Required action.
Set out word for word the line that contains "[150 sets] 48" and each line after it, through the end of the data below, but exclude the pictures.

(Data block)

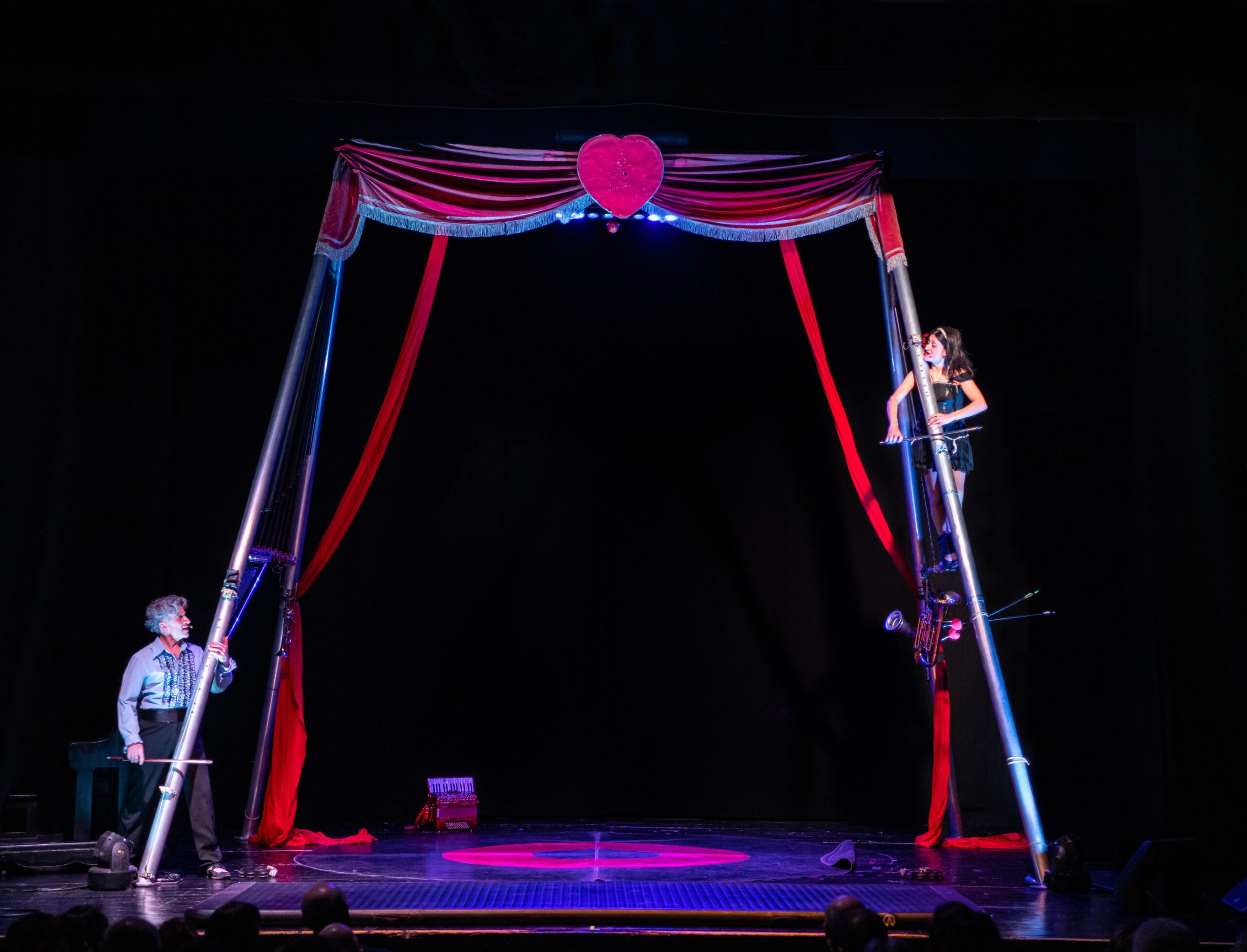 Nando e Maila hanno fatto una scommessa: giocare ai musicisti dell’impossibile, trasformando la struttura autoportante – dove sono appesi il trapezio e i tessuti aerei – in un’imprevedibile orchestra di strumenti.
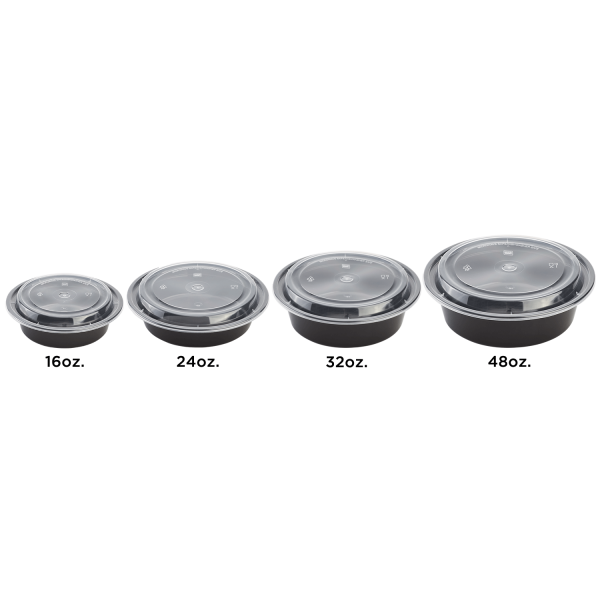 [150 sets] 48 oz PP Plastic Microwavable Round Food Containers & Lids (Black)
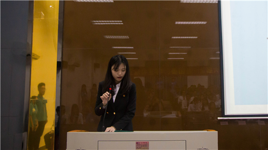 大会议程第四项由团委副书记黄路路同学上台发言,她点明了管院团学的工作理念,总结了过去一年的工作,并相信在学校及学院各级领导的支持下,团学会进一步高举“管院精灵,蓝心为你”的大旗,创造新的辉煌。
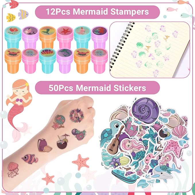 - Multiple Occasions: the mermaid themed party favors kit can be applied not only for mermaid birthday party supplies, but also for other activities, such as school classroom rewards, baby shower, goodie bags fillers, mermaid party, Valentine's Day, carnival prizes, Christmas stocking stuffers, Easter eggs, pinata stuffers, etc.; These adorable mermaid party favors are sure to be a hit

(End Data block)

Solution to the exercise.
 [150 sets] 48 oz PP Plastic Microwavable Round Food Containers & Lids (Black)
 大会议程第四项由团委副书记黄路路同学上台发言,她点明了管院团学的工作理念,总结了过去一年的工作,并相信在学校及学院各级领导的支持下,团学会进一步高举“管院精灵,蓝心为你”的大旗,创造新的辉煌。
 - Multiple Occasions: the mermaid themed party favors kit can be applied not only for mermaid birthday party supplies, but also for other activities, such as school classroom rewards, baby shower, goodie bags fillers, mermaid party, Valentine's Day, carnival prizes, Christmas stocking stuffers, Easter eggs, pinata stuffers, etc.; These adorable mermaid party favors are sure to be a hit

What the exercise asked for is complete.